In the Middle East, ISIS forces have destroyed countless mosques and ancient buildings. In 2017, they destroyed the 842-year-old al-Nuri mosque in Mosul as Iraqi forces closed in on the city. Their campaign has demonstrated the symbolic power of this kind of destruction in real time, and it will take countless years to repair the damage caused by the group. This kind of deliberate destruction follows the exact same model as the violence that came before it in New Spain and the United States. Those monuments that did not survive were not eliminated by some natural process but rather out of the power to enact violence. Evidently, there is power in the ability to destroy others’ monuments and in the ability to preserve your own.
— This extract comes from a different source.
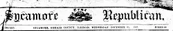True Republican was a semi-weekly pro-Republican newspaper published by Boies & Peck in Sycamore, Illinois, beginning in 1861, and continued into the late 20th century. It was also known as the Sycamore True Republican.[2]

On March 26, April 2 and April 4, an arsonist destroyed three predominantly black churches in St. Landry Parish, LA. These places of worship brought together communities for something greater than themselves, much like Notre-Dame. But the over $2.1 million raised by a crowdfunding campaign for the black churches pales in comparison to the over $1 billion already pledged to repair the cathedral. The fundraising differential is due to more than just the value of the buildings themselves. It is a reflection of France’s entire history of the nation’s development — including colonization — for as long as the cathedral has been around.
So yes, it is tragic that damage has befallen a site that has survived as long as Notre-Dame. But it’s not as if those other sites are no longer around simply because they weren’t as important. Notre-Dame does have tremendous historic value by sheer virtue of its longevity, but we cannot let its survival alone legitimize the history it represents. Succumbing to triumphalism in our evaluation of the damages erases the fact that much of this history is marred by extreme violence and imperialism.
Many in France identify with the cathedral as a symbol of their resoluteness in the face of threats, but we should take care to think of those who did not survive the threats to their ways of living. Simply because the victims of imperialism were unable to resist the forces that tore their families and tribes apart does not mean that their loss is any less significant. It is precisely this form of normalized, institutionalized violence that threatens humanity the most. We must save more than just the Notre-Dame: We must save our lost sympathy for the oppressed.